Edward: hey is that miley Cyrus!?!
Jasper: no, it's Hilary duff
Alice: or is it Ally and AJ? Or Lindsay Lohan?
Bella: who cares, their all clones of each other used as pawns by the Disney Company to make money. When one fades out, they bring in a new one. A few of those girls could have had real careers, and Disney screwed them up.
Carlisle: well said.
Esme: you know, this whole 'were deplorable monsters let's not eat humans' trend is getting old!
Rosalie: I agree, let's kill her and kill her good!! Renesmee, what's wrong, you look like your being hypnotized…wait, you are!!
Renesmee: can't…resist…hypnotic...music. Wait, this music has no cuss words! I must stay strong! Let's have miley Cyrus for lunch!
Carlisle: what will the volturi say?
Everyone: screw the volturi!
Carlisle: already done!
Esme: how dare you!?! *kicks him in the balls with vampire strength and brutally beats him*
Carlisle: gasp! I'm sorry Esme! Ouch!
Esme: WTF! *beats him harder and kicks him in the nuts again*
Edward: Esme, you can kill Carlisle later! Now we must eat little miss Miley Cyrus!
Miley Cyrus: howdy ya'all! I'm going to sing now
Alice: oh god no!!!
Miley Cyrus: oh god yes!! *singing random junk about following your dreams and staying true to yourself and blah blah blah*
Jasper: can't…take…anymore…must…escape!!! [Runs into Cullen house and jumps through window then run back to where he was] Damn!
Grim Reaper: hey, guys, how's it going!
Miley Cyrus: hi, death! I haven't seen you since that person's eardrum's exploded at my concert!
Grim Reaper: well, I got my work done ahead of schedule, so I figured I'd come follow you in case someone heard you sing. Hey, how come these people aren't dead? Well, anyway, I should probably get going. You guys have fun!
Edward: wait, you might need… [Death already left] Oh, well
Miley Cyrus: who wants to go sell our souls to Disney?
All the Cullens and Jacob: HELL NO!
Renesmee: Jakey!! Are you here to help us kill miley?
Jake: sure, why not [turns into wolf]
Emmett: Time for lunch!
[All the Cullens eat miley Cyrus]
Edward: she tastes weird. Like metal. Or wires….wait a minute! That's not Miley Cyrus! That's just a robot clone the Disney Corporation built in case they 'accidentally' did something fatal to miley!
Grim Reaper: [in pink fluffy bathrobe with slippers on] why couldn't you murder her while I was here earlier! I was in the middle of something! Now I'm going to miss JONAS!
The Cullens: GASP!!!
Grim Reaper: never mind! Time to lay her to rest!
Emmett: that's wasn't miley Cyrus, just her robot counterpart
Grim Reaper: oh, well. Crap, Sonny with a chance is starting! BYEEE!

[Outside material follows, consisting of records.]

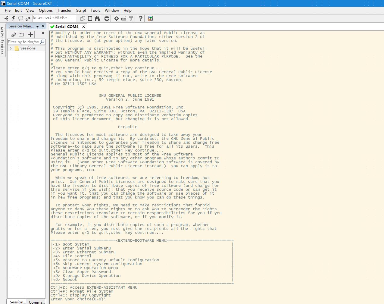 ===========================<EXTEND-BOOTWARE MENU>=========================== |<1> Boot System | |<2> Enter Serial SubMenu | |<3> Enter Ethernet SubMenu | |<4> File Control | |<5> Restore to Factory Default Configuration | |<6> Skip Current System Configuration | |<7> BootWare Operation Menu | |<8> Clear Super Password | |<9> Storage Device Operation | |<0> Reboot | ============================================================================ Ctrl+Z: Access EXTEND-ASSISTANT MENU Ctrl+F: Format File System Ctrl+C: Display Copyright Enter your choice(0-9):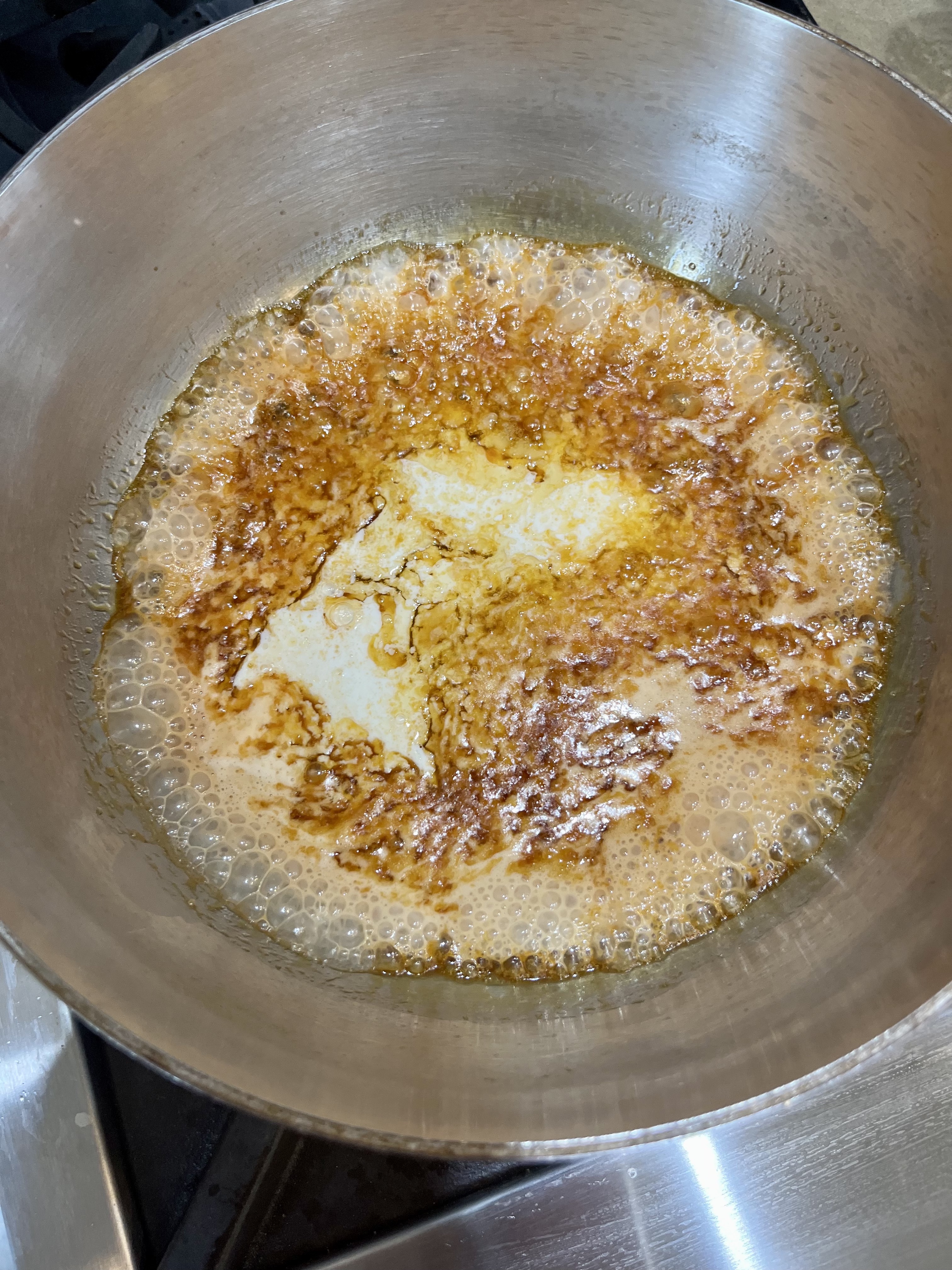 - My polyester leisure suit melted onto my skin when my caramel erupted after I added butter and cream to make a caramel sauce! This was more of a problem way back in the 70s, but even with the more breathable fabric of today, you don’t want to have your fine fabrics or body parts near caramel when you add cooler ingredients because the reactions when the two meet makes the molten caramel spit and sputter it’s hot lava in an around the pot. A deep pot helps keep this under control and being aware that it will happen will keep you on your guard to let the fireworks die down before you get in there to stir things up.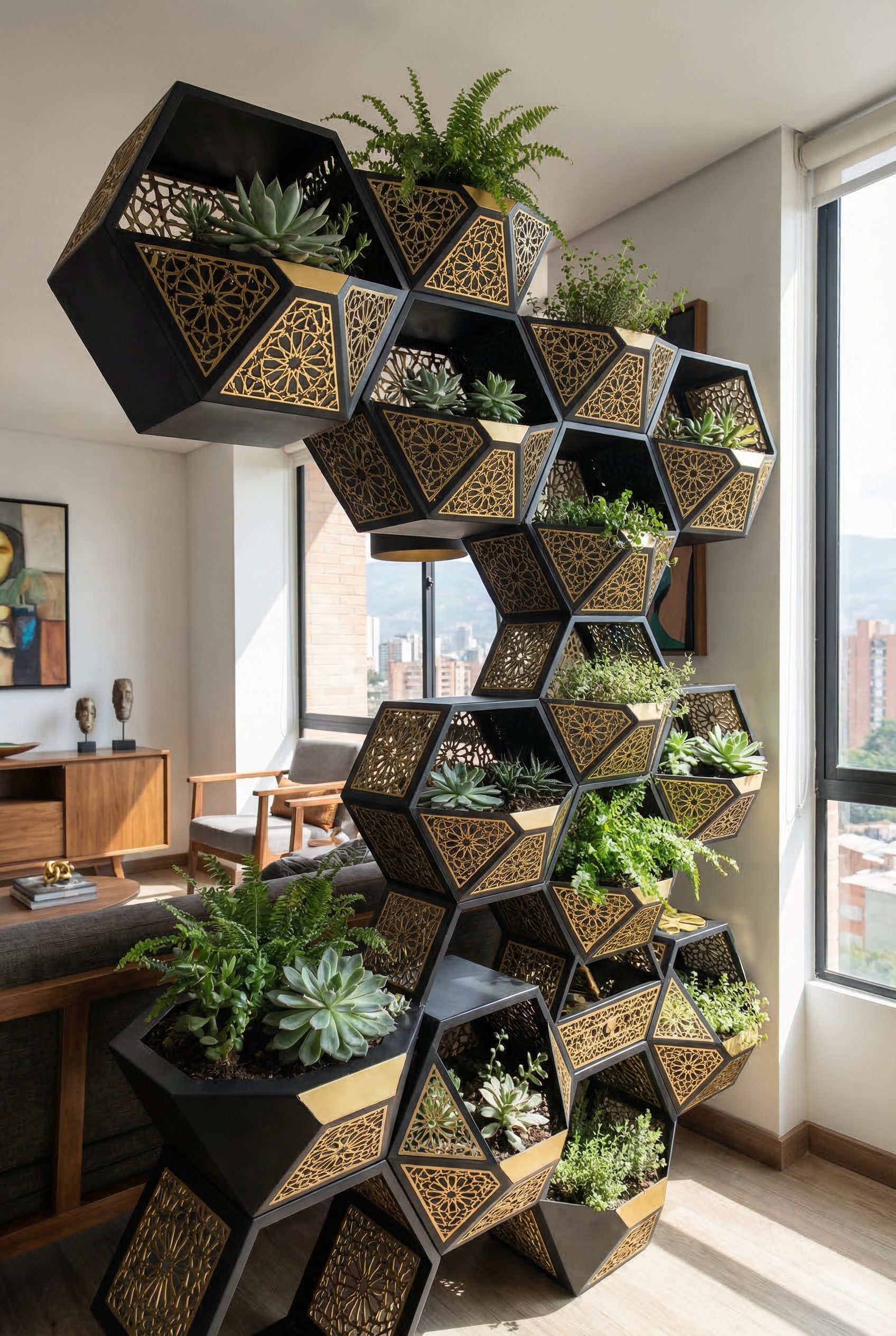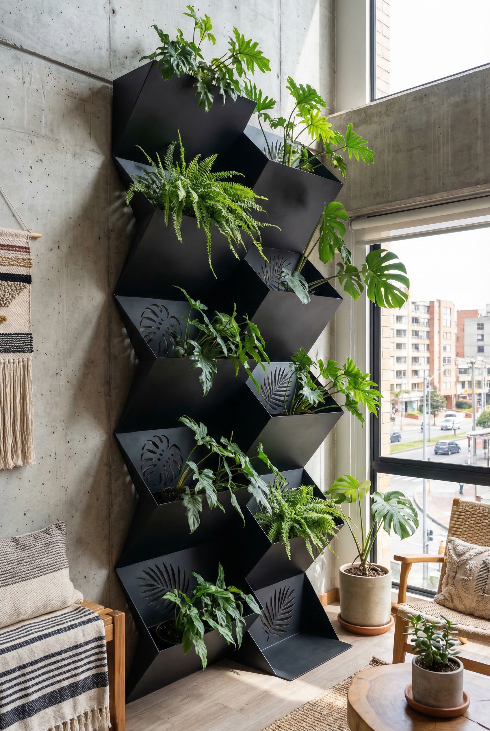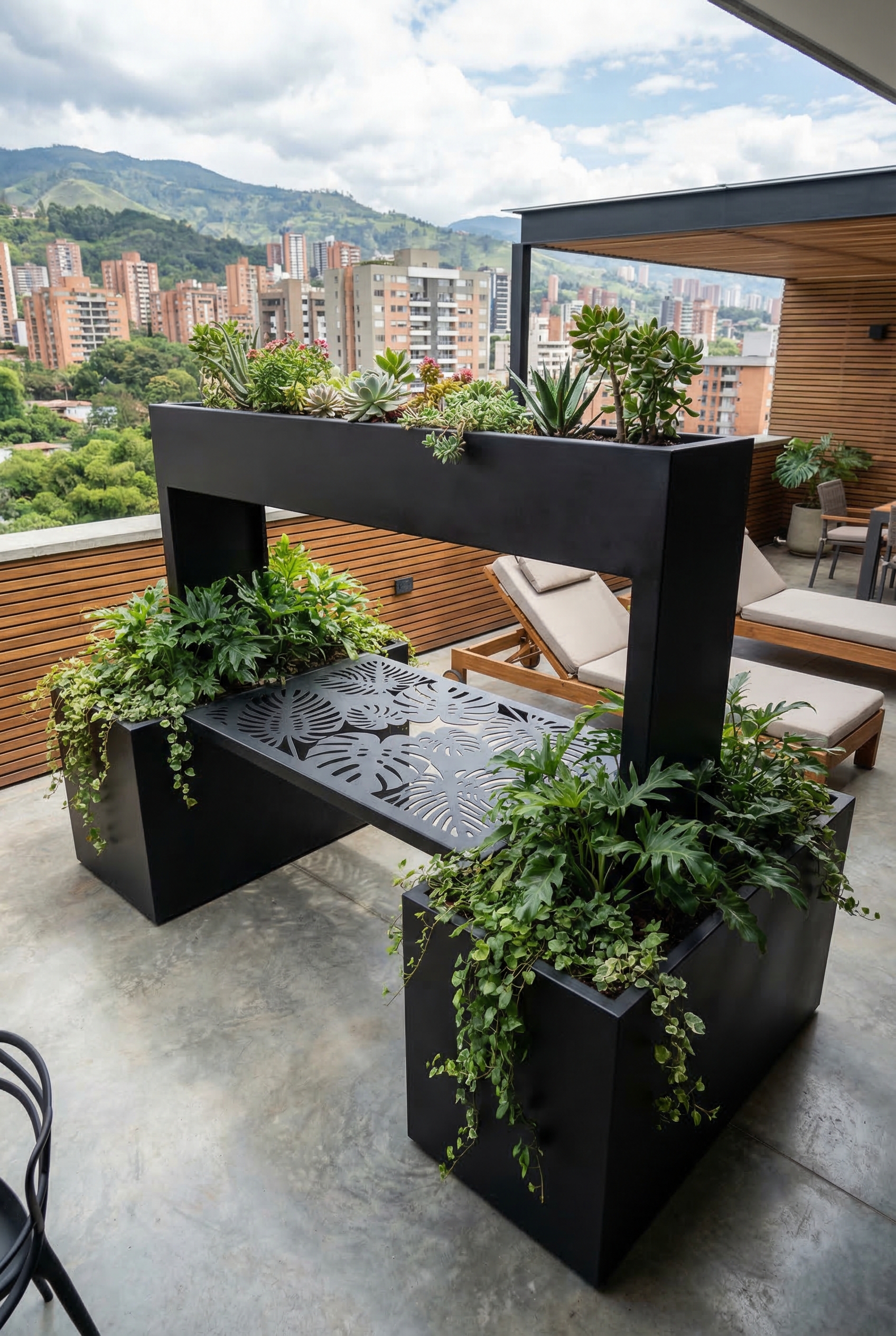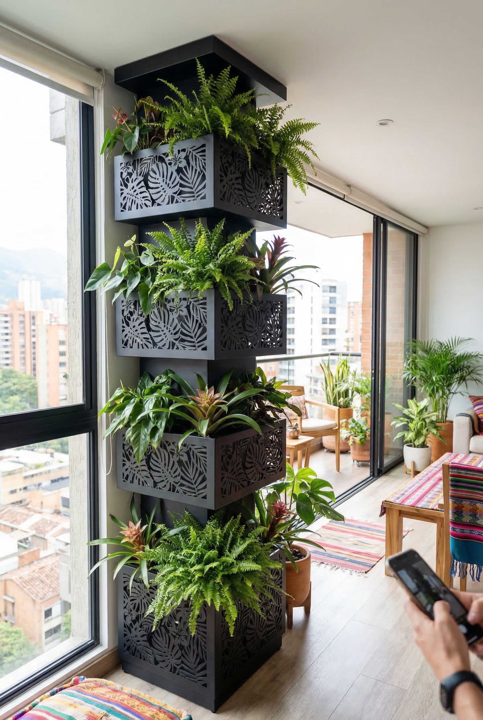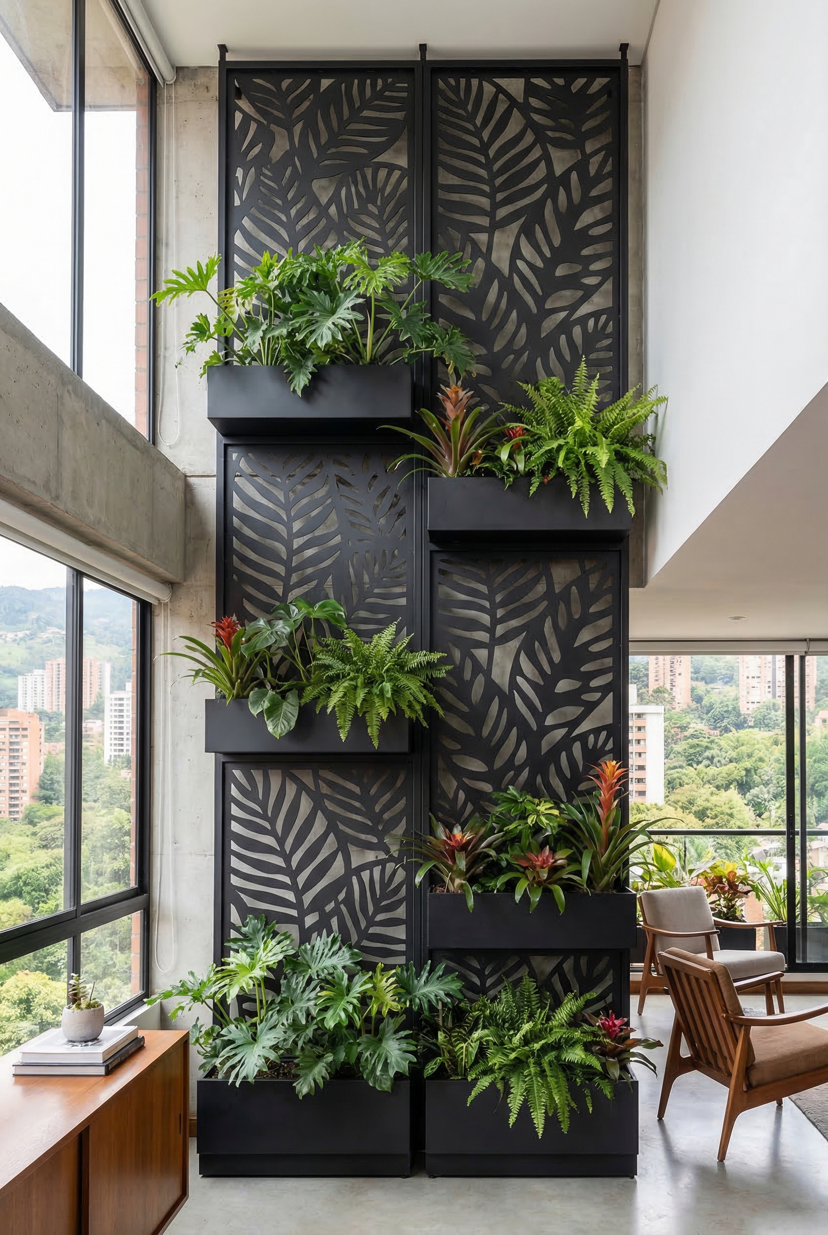 Nuestras macetas y estructuras metálicas para plantas combinan diseño arquitectónico, corte láser decorativo y fabricación de alta precisión. Cada pieza está diseñada con caras planas y geometrías limpias, ideales para procesos de corte y doblado, permitiendo integrar patrones botánicos, geométricos o artísticos que aportan carácter al espacio. Estas piezas funcionan tanto como contenedores para plantas como elementos decorativos que transforman balcones, interiores, oficinas y terrazas en ambientes modernos y naturales.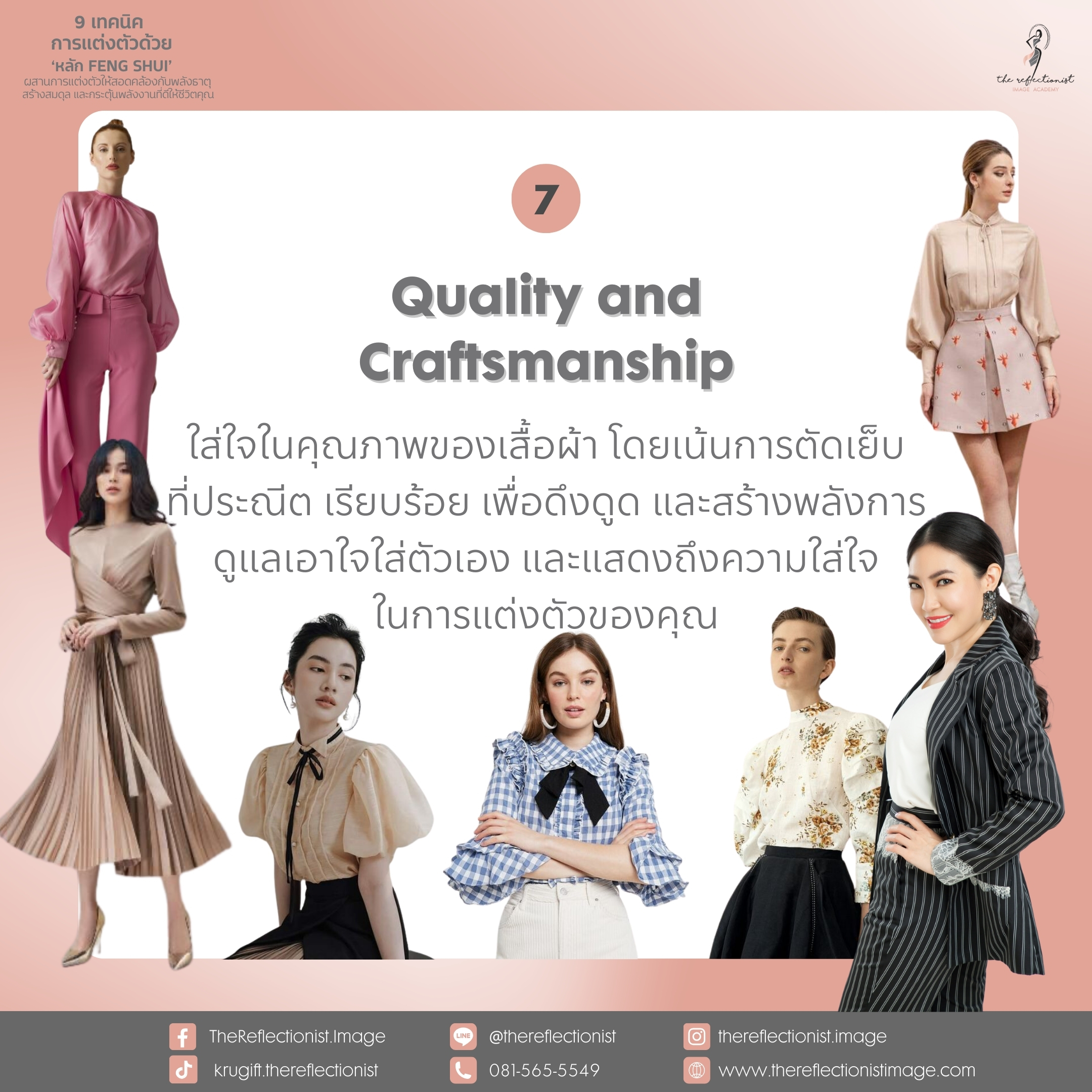 ใส่ใจในคุณภาพของเสื้อผ้า โดยเน้นการตัดเย็บที่ประณีต เรียบร้อย เพื่อดึงดูด และสร้างพลังการดูแลเอาใจใส่ตัวเอง และแสดงถึงความใส่ใจในการแต่งตัวของคุณ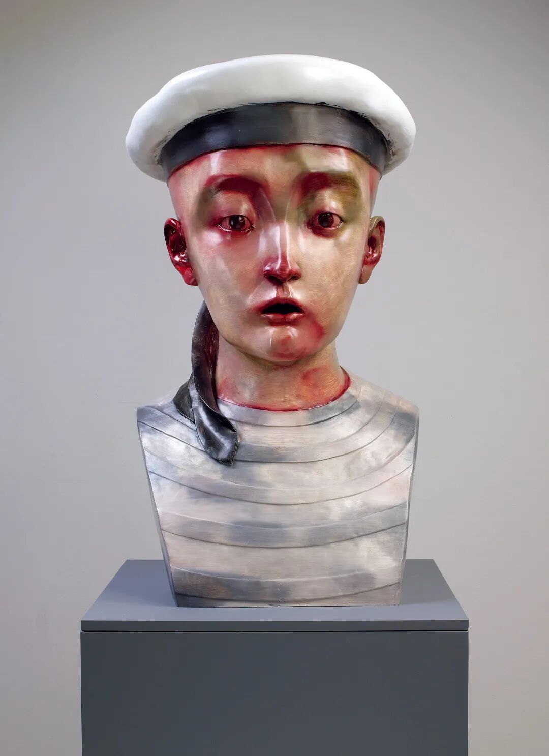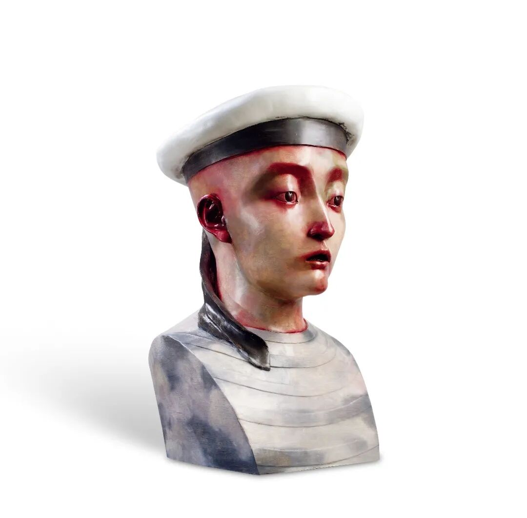 在《儿童水手》这件作品中,人物形象一如既往地流露出张晓刚符号般的脸谱模样,整件雕塑作品被谨慎而精致地赋色,面部本来的红色和暗部的绿色形成对比,衣物则覆盖以不同深度的灰,有着超现实的表现效果,同时色彩的选择又受到了唐釉和古代埃及彩色雕塑的影响。超过五英尺的巨大尺寸半身像,有着鲜明的现实主义风格的制式,也同时让我们联想到用于国家特定场合的大型雕塑,呼应了张晓刚绘画作品中对特定时代的刻画。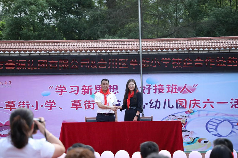 2023年5月31日,品牌與用戶關系部、人力行政部代表鑫源集團參加了合川區草街小學舉辦的“學習新思想,當好接班人”——草街小學慶六一主題活動?;顒又?,集團與草街小學簽署了新的校企合作協議,根據協議,未來將加大對草街小學的幫扶力度,雙方合作再深化、再升級。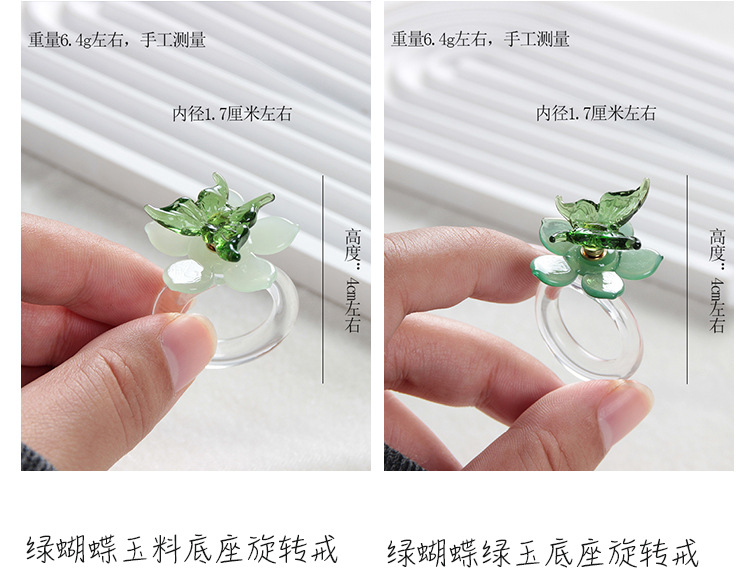 green butterfly jade base spinning ring

Carlisle: well, that was weird. Hey Esme, wanna…you know *raises eyebrow*
Esme: not until I'm done beating you!
Carlisle: well, FYI, they came on to me. They kidnapped Bella and demanded that I do them or they'd eat her.
[Everyone looks at Bella]
Edward: what? How dare they? I'm going to kill them all!!
Bella: um, Carlisle is telling the truth, except for one minor detail: THAT NEVER HAPPPENNED!!!
Carlisle: thanks for selling me out, Bella
Bella: anytime!
Esme: where was I, oh yeah, *punches Carlisle in the face*
Carlisle: Ow!! Okay, I'll break up with Aro just stop that!
Esme: hey! You said it was a one night thing! [Kicks him…err…where the sun don't shine]
[A/n I apologize if miley Cyrus/Disney fans were offended, but you were warned. This was mostly meant for haters. It's just a thing I came up with when I was bored. No need to flame saying I have no life, I'm already well aware that I have no life, trust me.